To the east of the ridge was a wide sweeping valley where the ripening wheat had been flattened by the rain and where a few dark trees showed the course of a stream. At the far side of the valley was an escarpment, its steep side facing Sharpe, and he knew that beyond the sheer red-rock bluffs at its crest the French army would be marching. The ridge and the escarpment ended in a great rolling plain and it was on that plain that Marmont would swing westward into the home straight; the race to block the Portuguese road.

At the southern end of the ridge the ground fell steeply away and, a short walk from the ridge’s end to the west, was a village. It was like a thousand other Spanish villages. The cottages were low, made of rough-dressed stone, and a man could not stand upright in most of the small houses.
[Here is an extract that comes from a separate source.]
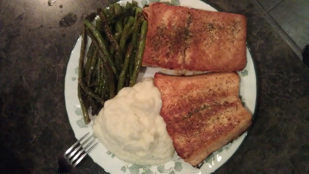 We made the most amazing dinner. Pan cooked Salmon, oven roasted asparagus and mashed cauliflower with sour cream. Amazing!
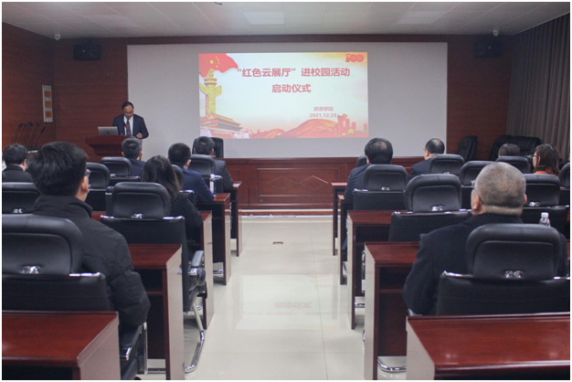 12月28日,sunbet申搏官方网站举行“红色云展厅”进校园活动启动仪式。学院党委书记高尚宇作动员讲话并讲授“传承红色基因,弘扬伟大建党精神” 专题思政课。教工党员和学生代表参加。

The houses grew into each other and formed a maze of tiny alleyways that surrounded the simple church, no bigger than a storehouse. The church had a small stone arch built on one end of its roof that acted as the belfry for the one counter-weighted bell. A stork’s nest clung to the top of the arch.

The richer peasants, and there were few of them, had painted their cottages white. Roses grew against the walls. Farmyards lay next to some cottages, empty now for the villagers feared the army that the night had brought behind the ridge. The villagers had driven their cattle away, to another village, and the hovels and alleyways had been left to God and the soldiers. The village, which had never been famous, was called Arapiles.